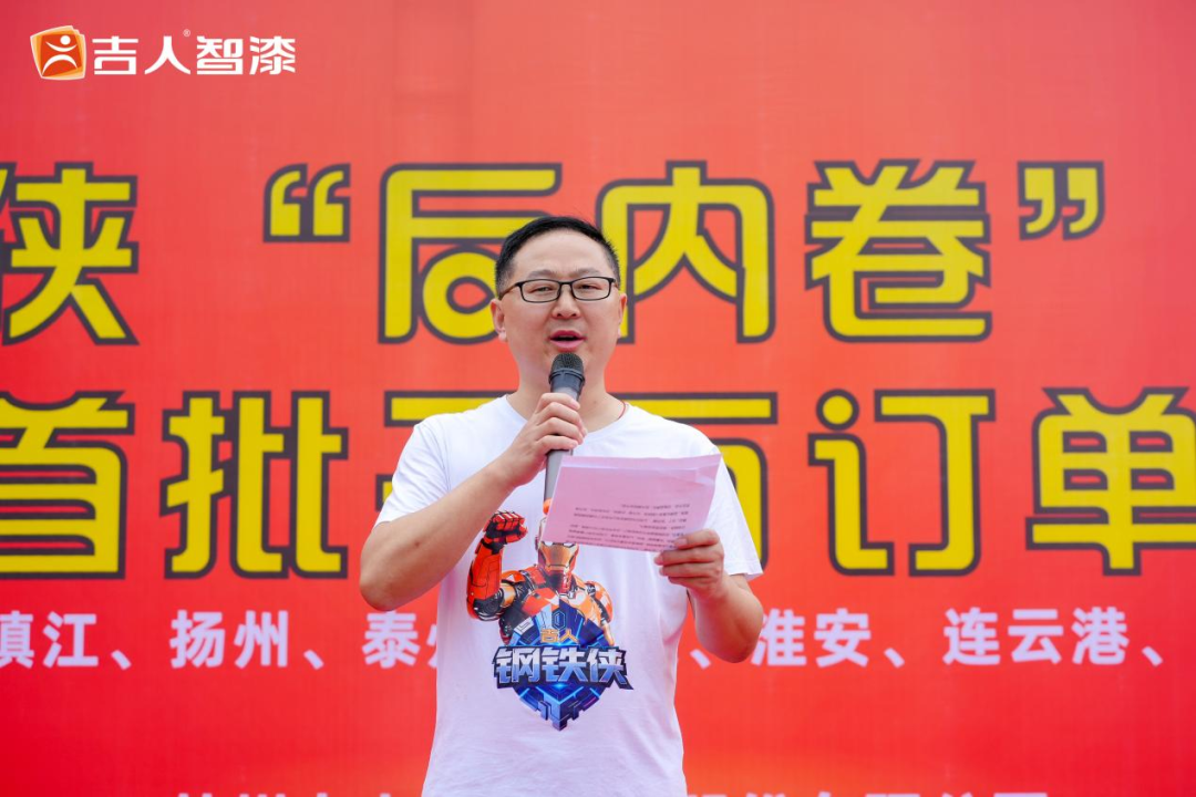 这次千万元订单首发庆典对吉东谈主智漆而言真理真理深刻,意味着全面奏响了行业反内卷的军号。吉东谈主高新营销总监杨林详解“吉东谈主钢铁侠”的反内卷举措,此前在上海海外涂料展的“反内卷” 活动与“中国工业涂料钢铁宣言”获行业高度招供。这次,“吉东谈主钢铁侠”凭借“平价轻奢”特色、1000万元“吉东谈主天相公益基金”、流量赋能帮扶及恒久品牌商议协作,多管皆下,为客户破卷新生提供坚实支捏。
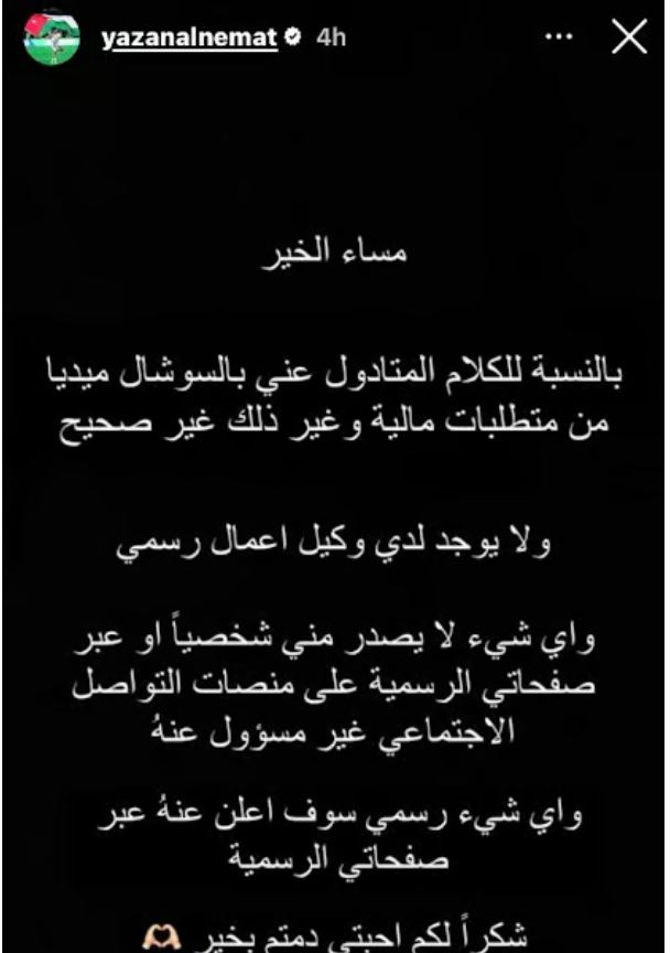 وقال يزن النعيمات في بيان عبر خاصية "ستوري" بحسابه الشخصي على منصة "إنستجرام": “بالنسبة للكلام المتداول عني بالسوشيال ميديا من متطلبات مالية وغير ذلك غير صحيح، ولا يوجد لدي وكيل أعمال رسمي”.
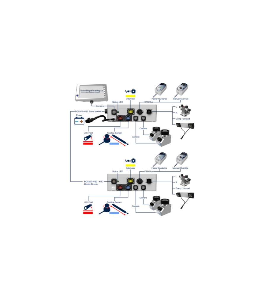 Slave modules are identical to normal modules except they have no independent 12V power lead, and the “console” connector has a male gender for connection to the master module. All the other inputs and outputs function as normal though data can be shared between sections. For example, lift and speed might be common between sections and only require one data source.
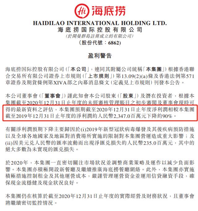 海底捞在港交所公告,预期2020年净利润同比下降约90%。
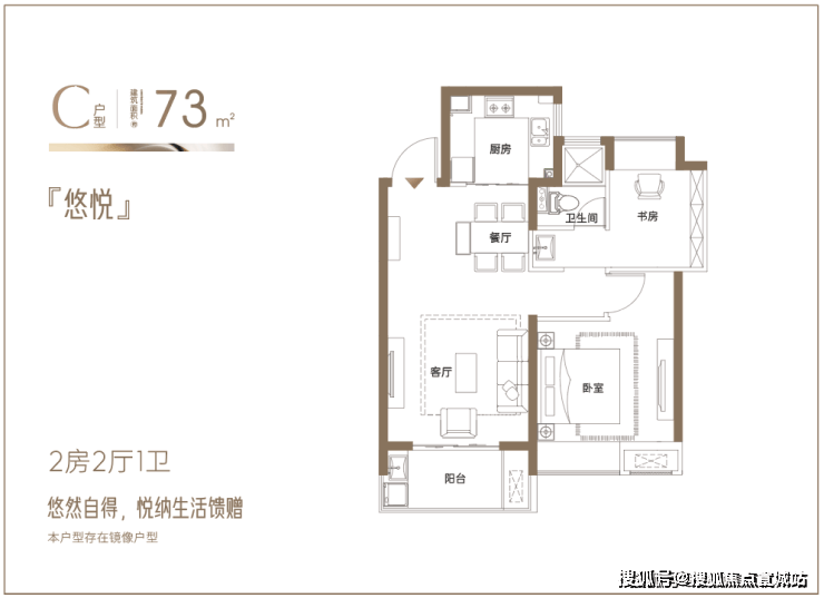 73㎡悠然两房格局方正,布局合理,73㎡的面积设计有一卧室、一书房、一餐厅、一客厅、一厨一卫还带一阳台,满足日常生活所需,且空间充裕不显拥挤,这个户型本批次只有两套,真正的手慢无!

→ **Work instructions**
In your copy of the records, include no pictures; repeat everything else exactly.

→ **Task solution**
 这次千万元订单首发庆典对吉东谈主智漆而言真理真理深刻,意味着全面奏响了行业反内卷的军号。吉东谈主高新营销总监杨林详解“吉东谈主钢铁侠”的反内卷举措,此前在上海海外涂料展的“反内卷” 活动与“中国工业涂料钢铁宣言”获行业高度招供。这次,“吉东谈主钢铁侠”凭借“平价轻奢”特色、1000万元“吉东谈主天相公益基金”、流量赋能帮扶及恒久品牌商议协作,多管皆下,为客户破卷新生提供坚实支捏。
 وقال يزن النعيمات في بيان عبر خاصية "ستوري" بحسابه الشخصي على منصة "إنستجرام": “بالنسبة للكلام المتداول عني بالسوشيال ميديا من متطلبات مالية وغير ذلك غير صحيح، ولا يوجد لدي وكيل أعمال رسمي”.
 Slave modules are identical to normal modules except they have no independent 12V power lead, and the “console” connector has a male gender for connection to the master module. All the other inputs and outputs function as normal though data can be shared between sections. For example, lift and speed might be common between sections and only require one data source.
 海底捞在港交所公告,预期2020年净利润同比下降约90%。
 73㎡悠然两房格局方正,布局合理,73㎡的面积设计有一卧室、一书房、一餐厅、一客厅、一厨一卫还带一阳台,满足日常生活所需,且空间充裕不显拥挤,这个户型本批次只有两套,真正的手慢无!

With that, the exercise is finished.